## Your goal
Retype all of the listing exactly, with no pictures.

## Data excerpt
━━━━━━

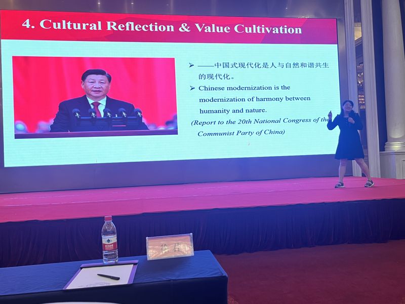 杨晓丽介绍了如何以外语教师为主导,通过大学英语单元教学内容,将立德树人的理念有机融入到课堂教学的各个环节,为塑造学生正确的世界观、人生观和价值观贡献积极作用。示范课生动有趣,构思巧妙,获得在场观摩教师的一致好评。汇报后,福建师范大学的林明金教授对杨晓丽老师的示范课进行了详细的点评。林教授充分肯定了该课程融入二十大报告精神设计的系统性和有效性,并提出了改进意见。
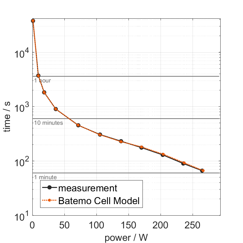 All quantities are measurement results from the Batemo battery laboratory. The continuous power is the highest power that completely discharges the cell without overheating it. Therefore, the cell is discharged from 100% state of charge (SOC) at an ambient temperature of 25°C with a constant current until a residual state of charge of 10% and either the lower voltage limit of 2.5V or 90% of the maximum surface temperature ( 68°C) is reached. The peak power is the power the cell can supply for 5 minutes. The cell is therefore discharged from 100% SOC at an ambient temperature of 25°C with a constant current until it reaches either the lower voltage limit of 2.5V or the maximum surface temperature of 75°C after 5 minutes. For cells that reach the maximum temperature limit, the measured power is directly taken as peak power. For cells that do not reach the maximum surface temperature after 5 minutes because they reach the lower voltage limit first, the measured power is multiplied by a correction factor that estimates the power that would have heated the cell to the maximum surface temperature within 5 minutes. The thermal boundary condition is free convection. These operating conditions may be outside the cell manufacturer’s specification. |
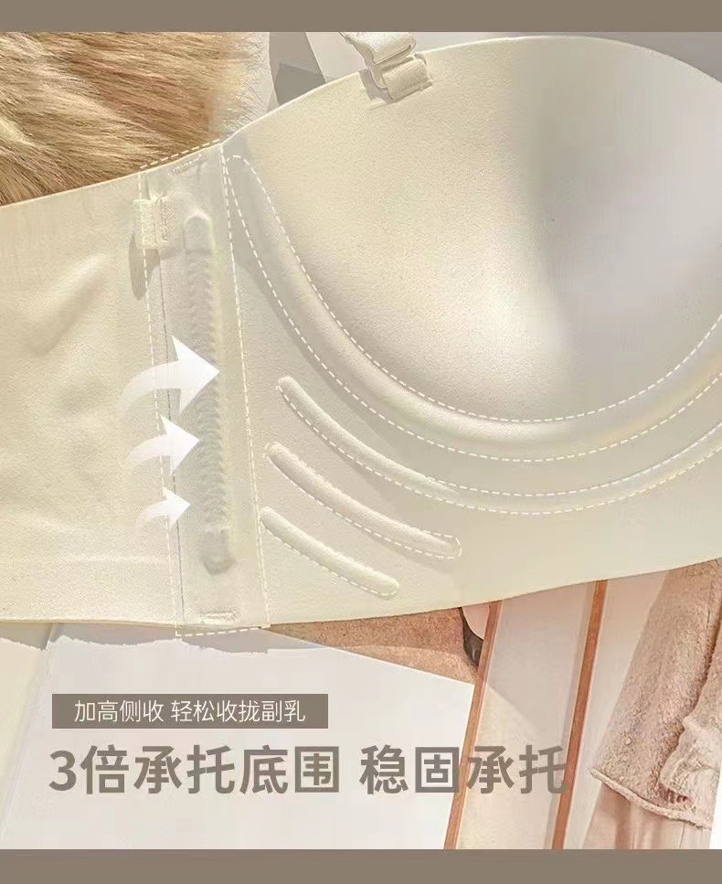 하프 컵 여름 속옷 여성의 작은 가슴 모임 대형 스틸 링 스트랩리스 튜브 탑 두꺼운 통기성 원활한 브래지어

━━━━━━

## Written answer
 杨晓丽介绍了如何以外语教师为主导,通过大学英语单元教学内容,将立德树人的理念有机融入到课堂教学的各个环节,为塑造学生正确的世界观、人生观和价值观贡献积极作用。示范课生动有趣,构思巧妙,获得在场观摩教师的一致好评。汇报后,福建师范大学的林明金教授对杨晓丽老师的示范课进行了详细的点评。林教授充分肯定了该课程融入二十大报告精神设计的系统性和有效性,并提出了改进意见。
 All quantities are measurement results from the Batemo battery laboratory. The continuous power is the highest power that completely discharges the cell without overheating it. Therefore, the cell is discharged from 100% state of charge (SOC) at an ambient temperature of 25°C with a constant current until a residual state of charge of 10% and either the lower voltage limit of 2.5V or 90% of the maximum surface temperature ( 68°C) is reached. The peak power is the power the cell can supply for 5 minutes. The cell is therefore discharged from 100% SOC at an ambient temperature of 25°C with a constant current until it reaches either the lower voltage limit of 2.5V or the maximum surface temperature of 75°C after 5 minutes. For cells that reach the maximum temperature limit, the measured power is directly taken as peak power. For cells that do not reach the maximum surface temperature after 5 minutes because they reach the lower voltage limit first, the measured power is multiplied by a correction factor that estimates the power that would have heated the cell to the maximum surface temperature within 5 minutes. The thermal boundary condition is free convection. These operating conditions may be outside the cell manufacturer’s specification. |
 하프 컵 여름 속옷 여성의 작은 가슴 모임 대형 스틸 링 스트랩리스 튜브 탑 두꺼운 통기성 원활한 브래지어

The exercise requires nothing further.